Travis began to try to tell me how to put the shells into the gun, but when he saw how it was being loaded he stopped because he, like me, thought they went in a different way.
After Horchem had put three shells in he handed the gun back to me.
“Good luck,” he said, turning back to the video game.
I slipped a pair of shoes on and began to head for the door.
“I’m going to go watch this,” Schafer said, smiling.
“Me too,” Horchem said as they both dropped their controllers and followed me outside.
“Grab a flashlight or something,” I called over my shoulder.
“Why?” Horchem asked.
“Well, it’s probably already up the tree by now,” I replied.
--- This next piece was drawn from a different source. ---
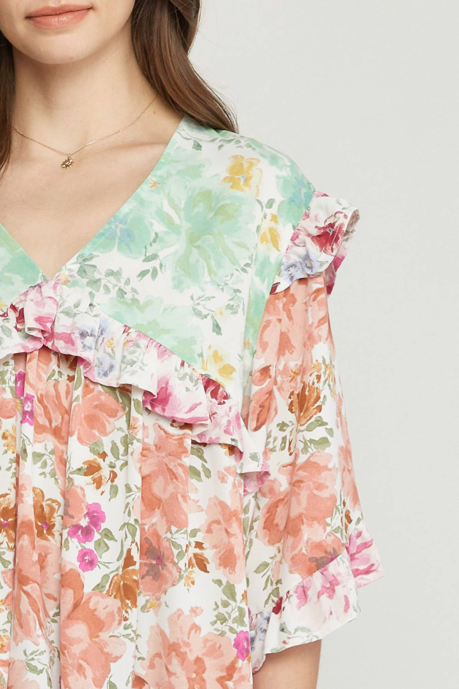 A timeless blouse that will never go out of style. The Ruffled & Floral Top by Entro is a chic addition to your wardrobe, perfect for summer and designed with boho-chic flair. Featuring three-quarter sleeves and a lightweight feel, this blouse offers a flattering a-line silhouette with a V-neck and ruffled detailing. Made from 100% polyester, it showcases a vibrant floral pattern and a tie closure at the back for a touch of elegance. Sizes range from Small (Bust 40", Length 26") to 2X (Bust 50", Length 31"), and it can be hand washed or dry cleaned for easy care.

“We don’t have one that works,” he said.
“Fine,” I said as we all went outside.
I couldn’t see the animal anywhere at first, but soon Schafer and Horchem both saw it.
“It’s right up there,” Horchem said pointing.
I saw it and nodded. Schafer covered his ears as I brought the gun to my left shoulder and peered down the barrel.
Letting out a slow breath, I squeezed the trigger.
Horchem began laughing hysterically, and Schafer said, “I can’t believe you hit it on your first shot!”
“It’s not like I haven’t shot a gun before,” I said as nonchalant as possible.
I looked around at the ground and realized the deceased animal was stuck up in the tree, so I walked closer and took aim again.
The body of the animal fell to the ground flopping around. Horchem continued to squeal with laughter.
“You didn’t even kill it,” Schafer said. “It’s still moving.”
Between peals of laughter, Horchem said, “Oh it’s dead.”
Since Travis didn’t believe I had killed it and knowing I had one shell left, I pointed the gun at the animal’s head.
The possum’s head disappeared, leaving only blood soaked grass. The body was still twitching, though.
“It’s still not dead?” Schafer asked.
“There’s no head,” I said. “It’s dead.”
“Yeah,” Horchem said. “It’s dead.”
We all went back into the house. As Horchem and Schafer resumed their game and I put the gun away, Schafer said, “That was awesome.”
“Yeah it was,” Horchem said. “I can’t believe you shot it three times.”
I shrugged and smiled. “Well, I had three shells.”
“That doesn’t mean you had to use them all,” Horchem said.
“It felt like I did,” I said.
As I went to sleep that night, I had a strange sense of calm come over me. It was like all the tension had left my body.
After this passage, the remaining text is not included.